Stored dataset items

==================================================

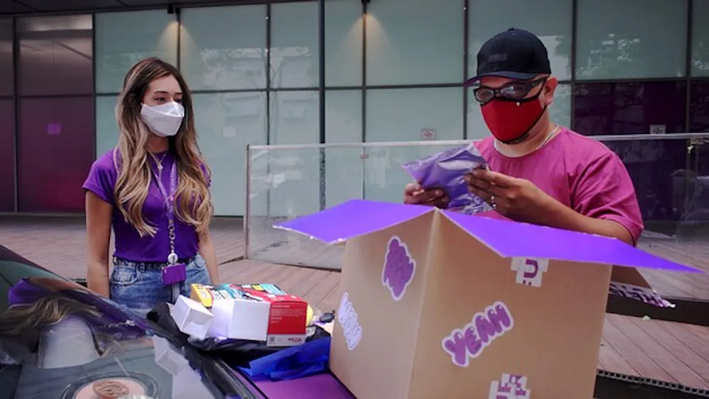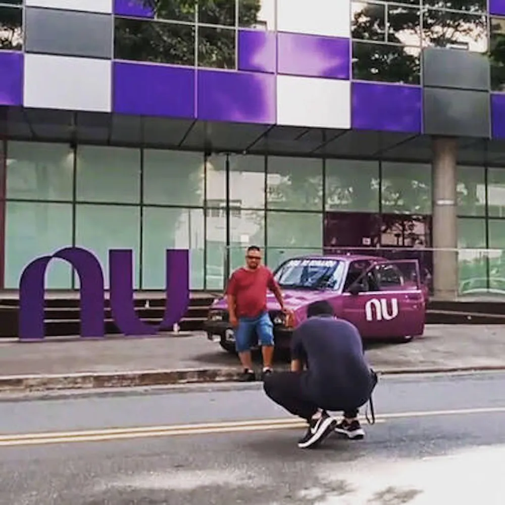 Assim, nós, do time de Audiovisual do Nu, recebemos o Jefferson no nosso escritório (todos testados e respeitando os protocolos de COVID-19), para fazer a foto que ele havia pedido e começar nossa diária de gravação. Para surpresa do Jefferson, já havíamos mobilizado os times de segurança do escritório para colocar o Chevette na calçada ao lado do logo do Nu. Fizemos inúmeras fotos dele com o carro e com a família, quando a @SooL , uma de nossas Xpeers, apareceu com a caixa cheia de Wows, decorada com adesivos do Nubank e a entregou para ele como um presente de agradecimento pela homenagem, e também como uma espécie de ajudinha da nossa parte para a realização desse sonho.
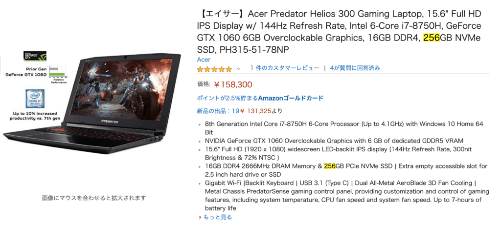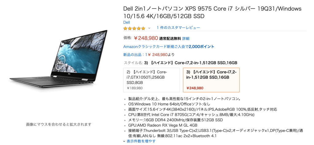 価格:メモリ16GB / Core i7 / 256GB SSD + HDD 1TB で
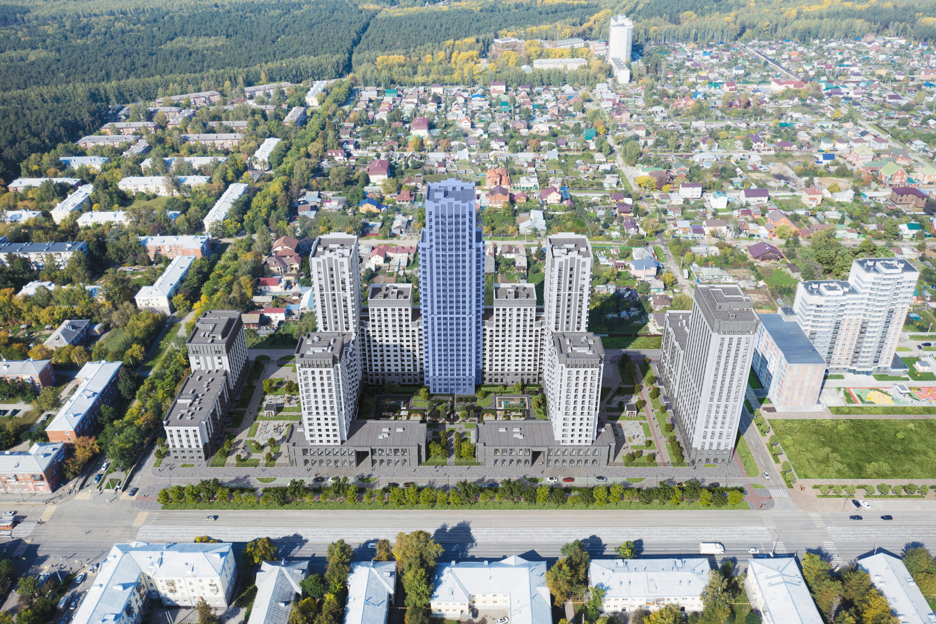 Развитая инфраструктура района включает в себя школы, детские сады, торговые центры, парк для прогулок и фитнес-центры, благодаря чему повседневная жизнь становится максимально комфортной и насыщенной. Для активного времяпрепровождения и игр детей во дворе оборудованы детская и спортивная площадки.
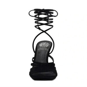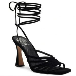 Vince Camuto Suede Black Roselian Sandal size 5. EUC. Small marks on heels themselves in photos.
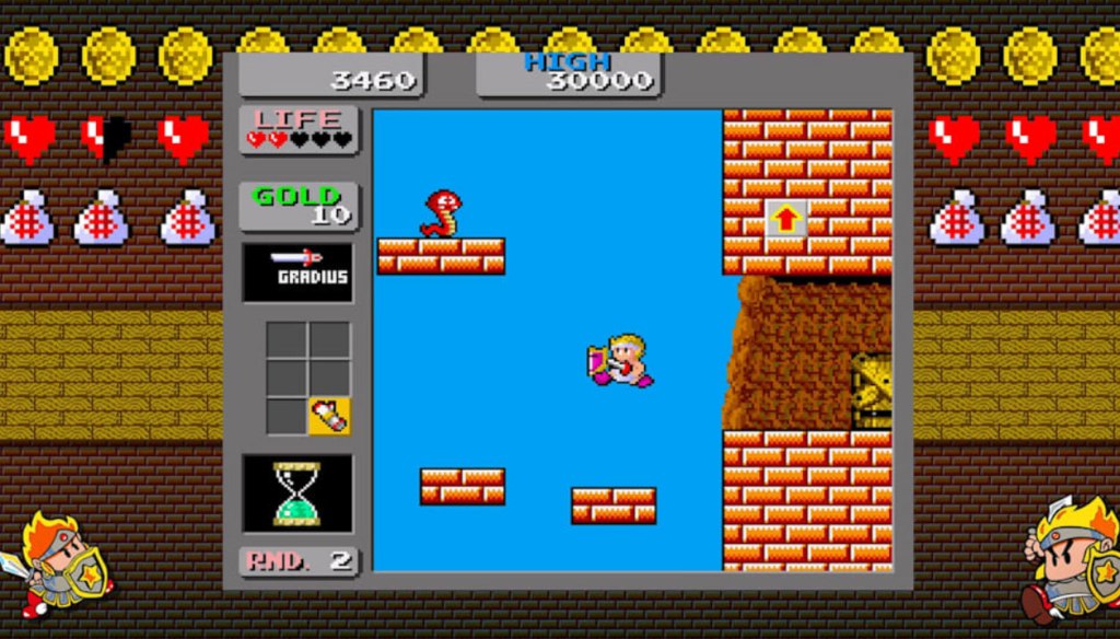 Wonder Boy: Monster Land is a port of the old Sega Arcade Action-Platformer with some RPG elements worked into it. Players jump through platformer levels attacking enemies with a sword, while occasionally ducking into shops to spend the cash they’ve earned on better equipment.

==================================================

Task item
Set down every record once more, word for word, without pictures.

Solution below
 Assim, nós, do time de Audiovisual do Nu, recebemos o Jefferson no nosso escritório (todos testados e respeitando os protocolos de COVID-19), para fazer a foto que ele havia pedido e começar nossa diária de gravação. Para surpresa do Jefferson, já havíamos mobilizado os times de segurança do escritório para colocar o Chevette na calçada ao lado do logo do Nu. Fizemos inúmeras fotos dele com o carro e com a família, quando a @SooL , uma de nossas Xpeers, apareceu com a caixa cheia de Wows, decorada com adesivos do Nubank e a entregou para ele como um presente de agradecimento pela homenagem, e também como uma espécie de ajudinha da nossa parte para a realização desse sonho.
 価格:メモリ16GB / Core i7 / 256GB SSD + HDD 1TB で
 Развитая инфраструктура района включает в себя школы, детские сады, торговые центры, парк для прогулок и фитнес-центры, благодаря чему повседневная жизнь становится максимально комфортной и насыщенной. Для активного времяпрепровождения и игр детей во дворе оборудованы детская и спортивная площадки.
 Vince Camuto Suede Black Roselian Sandal size 5. EUC. Small marks on heels themselves in photos.
 Wonder Boy: Monster Land is a port of the old Sega Arcade Action-Platformer with some RPG elements worked into it. Players jump through platformer levels attacking enemies with a sword, while occasionally ducking into shops to spend the cash they’ve earned on better equipment.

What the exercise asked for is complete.